Doctor Elias Lönnrot, compiler of the national Epic of Finland “Kalevala”, identified lake Kuivasjärvi catchment area to be amongst the ‘last’ in Western Finland where the traditions and endemic beliefs of the Finnish culture survived well into the 1800s. Tapio Kalli, who was still brought up following the remnants of the local hunting and fishing culture, has worked tirelessly throughout his life to restore the ecological status of the Kuivasjärvi watershed. The watershed had been heavily damaged between 1950s and 2010s mainly due to ditch drainage for state-sponsored and private forestry, but also, and most importantly, because of the expansive and aggressive peat mining and production all throughout the catchment area.

Mr. Kalli has worked by applying his traditional local knowledge as a hunter, forestry specialist and fisherman, by participating in restoring marsh habitats, by encouraging different parties to conserve the last old growth forests and by revitalizing winter and summer communal fisheries with nets, fish traps and seining. He has also opened a wide-ranging dialogue with scientists to investigate the water quality, monitor damaged sites, restore the habitats of extremely endangered ptarmigan stocks (the southern-most found in Finland) and construct artificial nests for the Osprey populations. He has bravely confronted the VAPO state peat production company to prevent and heal the damages to his lake.
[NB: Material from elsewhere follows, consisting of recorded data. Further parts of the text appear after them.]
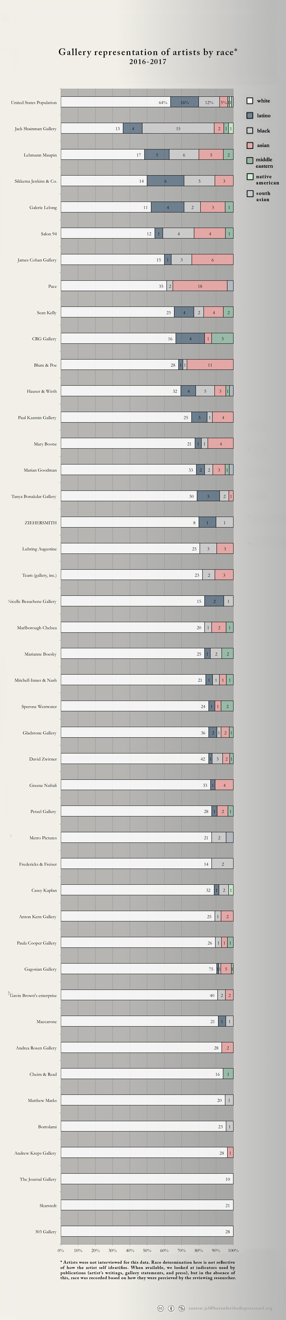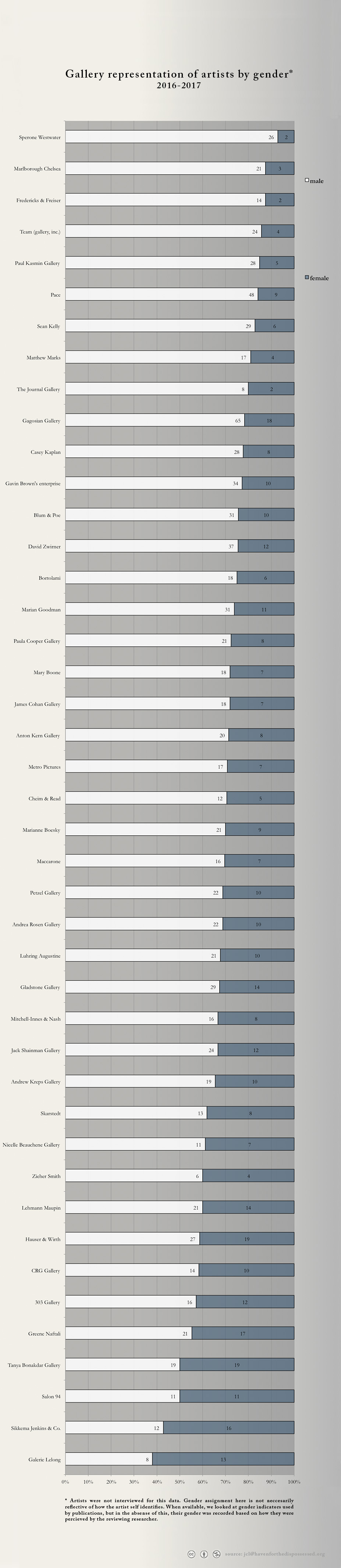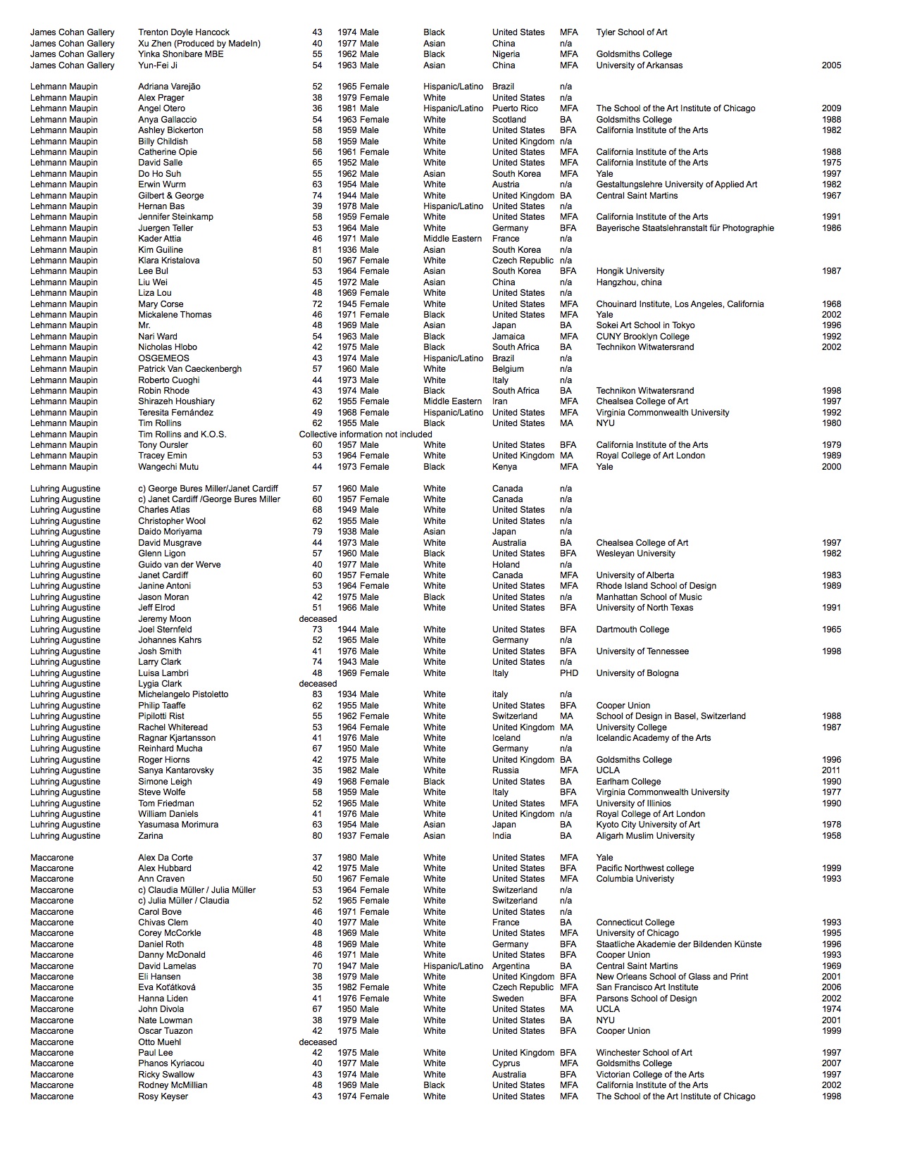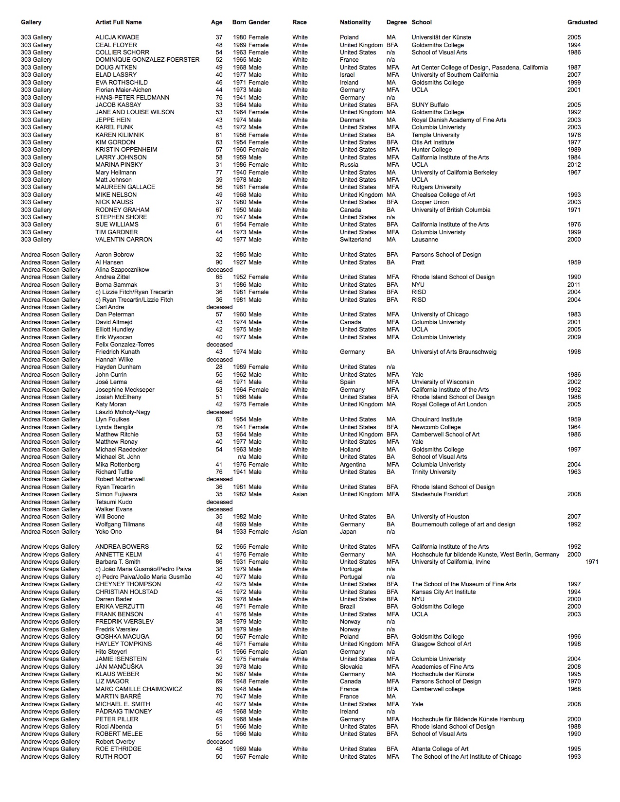 Gallery rosters change frequently. The data listed is of the artists represented as of fall 2016. In the time since this project has concluded two of the galleries have permanently closed: Andrea Rosen Gallery and CRG.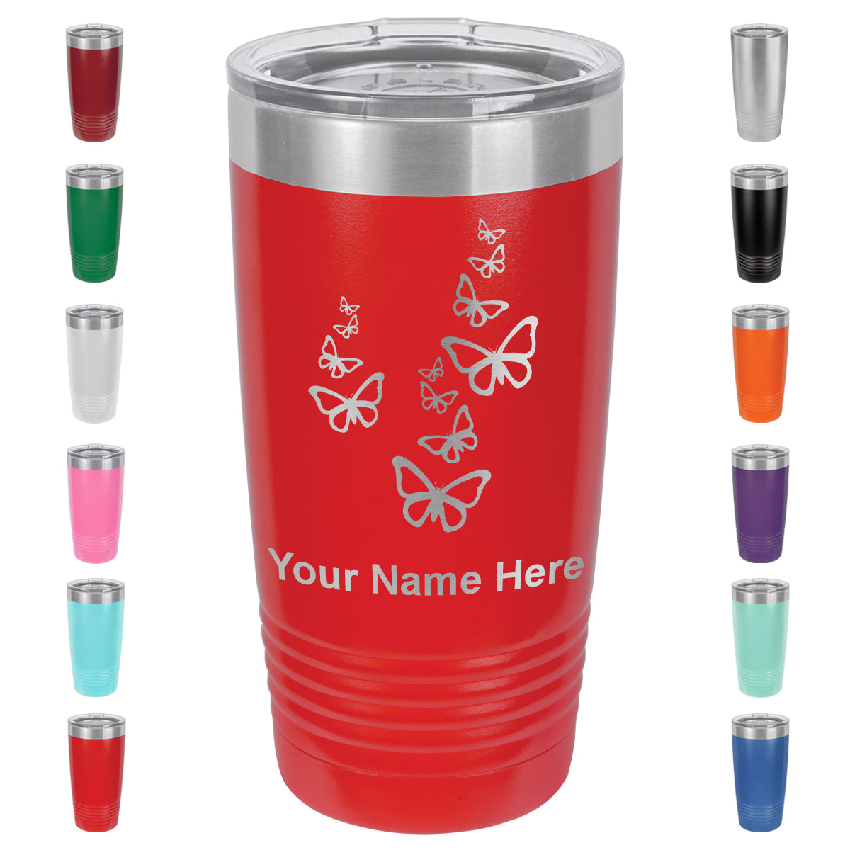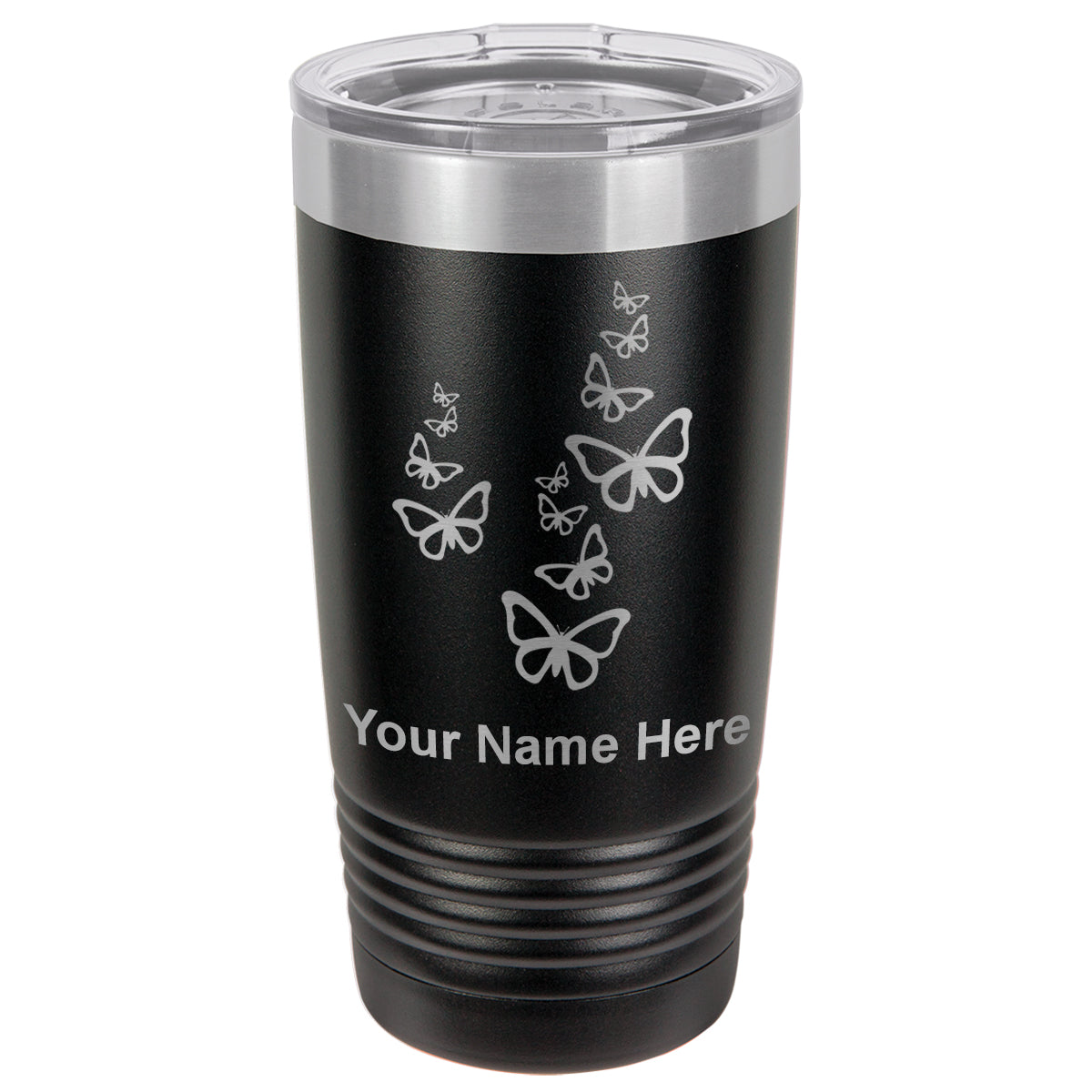 20oz Vacuum Insulated Tumbler Mug, Butterflies, Personalized Engraving Included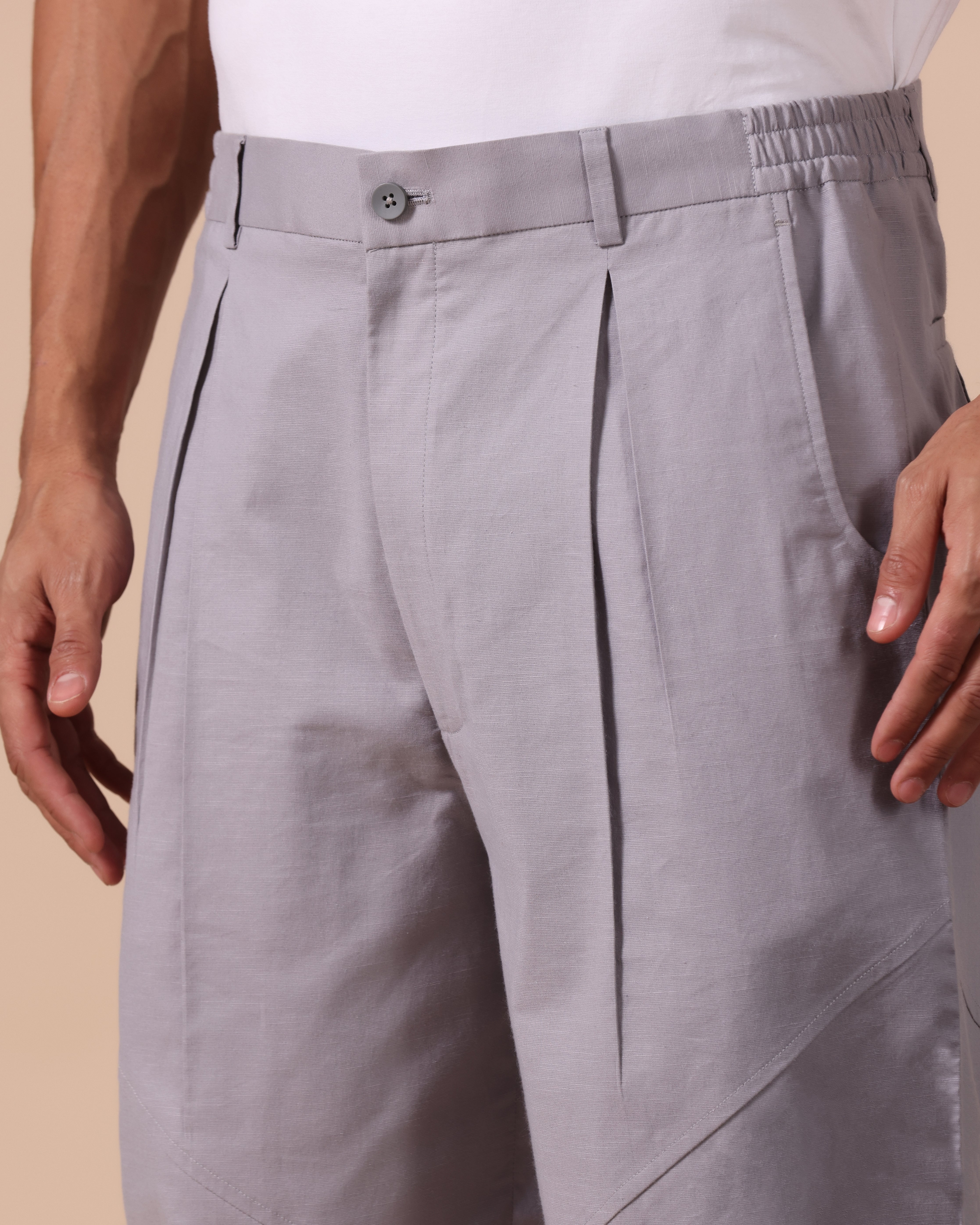 Cotton Double Pleated Loose Pants

Mr. Kalli’s work has received international attention. The US-based influential journal “Foreign Policy” had heard of his work combining traditional knowledge, science and fishing activities to restore Europe’s boreal lakes. They reported about the fact that a major international review of the state of environment in boreal Finland had included the previously-little known perspective of traditional villages and fishermen. This made Mr. Kalli even better known, a source of debates internationally and in his own country. After decades of pushing for these issues to be recognized, his commitment to his lakes, forests and fish has finally broken through to widespread acclaim. Prize for mr. Kalli will be given out in a separate event at a later date.